# Just One Wish



## Davey G (Jan 15, 2006)

If your yak could have ONE THING to improve it (apart from magical fish attracting powers), what would it be? Just interested to hear what others would like from their yaks that they are not currently getting?

Me - I'd like a higher bow so that waves don't splash over the front quite as easily .(ooh, it's not easy to stop at just one thing! :roll: )

You?


----------



## Scott (Aug 29, 2005)

In a word mate, SPEED. I would like to not have to give up the durability of my poly yak in order to have a faster yak to get offshore quicker. While the P15 is recognised as a fast SOT, I would love it to be as fast as the Mirage 580 I paddle on occasion but without sacrificing my fishablity, stability and durability of my P15.

Catch ya Scott


----------



## Russ (Feb 24, 2006)

No comment :roll:

 fishing Russ


----------



## fishinswing (May 15, 2006)

Fishing out of a swing, I can't find much wrong with it except wishing it had a better designed rear well. It could then be more user friendly with storage of square/rectangular items. So much space going to waste. I still love it.


----------



## PhilipL (Apr 15, 2006)

Hobie Adventure

One thing, but it equates to being better at a number of things - 
a bit more width in the cockpit, say 50-100mm wider

> I'm only 5'10 and around 85kg, so I'm not exactly big. The cockpit feels too ever-so-slightly tight - somewhere in the thigh region
> would (hopefully) improve stability - pretty good already but still not quite there when I reach backwards (tankwell or rear rod holders), when moving up and down the yak, or when sitting side saddle.
> would perhaps give more beam on the gunwhales (apologies for the terminonlogy in advance??) for mounting things within arms reach.

Oh, and a decent paddle keeper - couldn't help myself...


----------



## rawprawn (Aug 31, 2005)

Same as Scott. I would like some SIK speed on my SOT.


----------



## Peril (Sep 5, 2005)

Megan Gale in front seat showing off DJs summer swimwear collection


----------



## kingfisher111 (Jun 13, 2006)

More time on the water!!! Thats all the Outback needs!
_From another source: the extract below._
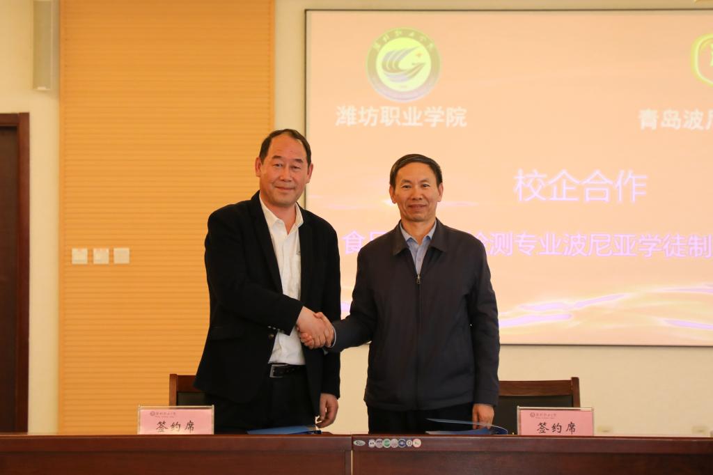 李瑞昌和段中航分别致辞。李瑞昌对青岛波尼亚食品有限公司多年来的支持表示感谢,介绍了学校近年来的发展、办学和突出成就等情况,他指出,中国特色现代学徒制是当前职业教育发展的趋势,希望双方积极探索校企协同育人机制、共同培养高素质技术技能型人才,促进学生的成长成才。段中航介绍了青岛波尼亚食品有限公司基本情况、企业文化、公司产品等,并表达了对本次合作的期望和祝愿。李瑞昌与段中航共同签署了beat365中国官方网站-青岛波尼亚食品有限公司食品营养与检测专业校企共建现代学徒制合作协议。

Steve.

PhillipL, your wish just described the Outback.


----------



## Breambo (Apr 19, 2006)

Central heating. Although perils wish would do nicely :lol:


----------



## Davey G (Jan 15, 2006)

ahhh yes, bugger the raised bow, I'll take Megan as well! :wink:


----------



## sam60 (Aug 30, 2005)

a bluetooth stereo outfit with waterproof earphones for those days when your own voice is too much. Oregon scientific has a waterproof mp3 player but blue tooth would negate cords flapping around.

yeah and like peril a floor show.....sshh better not let the wife know


----------



## Guest (Aug 8, 2006)

I have said it before somewhere here, I would like the design of the tempo changed so that the footwells actually have the scupper holes further down where the water collects.

This would mean my whole body would be dry when yaking as everywhere else is extremly dry.

I just hate having wet feet, this is the times when I'm not wearing the Mirage boots.

Cheers


----------



## JT (May 25, 2006)

Hobie Outback Fisherman

The seat sockets can move out of the tiny scupper holes if you move around too much and it is close to impossible putting them back in on the water so you have a bump under your a*se. A better arrangement would be better. Not a biggy but still a bit of a pain in the backside (lame pun intended)  :roll:

Beyond that it's all good.

John


----------



## DogFish (Aug 31, 2005)

One way valves in the scupper holes so that in Winter the water can get out but not come gushing back up, especially as it's only at 10 Degrees over here at present. :shock:

DogFish


----------



## hairymick (Oct 18, 2005)

A combi, & a redhead with big hooters & freckles, two Dorados on the roof, touring the country and never having to work again


----------



## Gator (May 10, 2006)

Dogfish: I was just looking at a Crack Of Dawn catalog and noticed that there are replacement plugs that look like they could be one way. If Phil sees this he would know. I'll give him a ring tomorrow and ask.


----------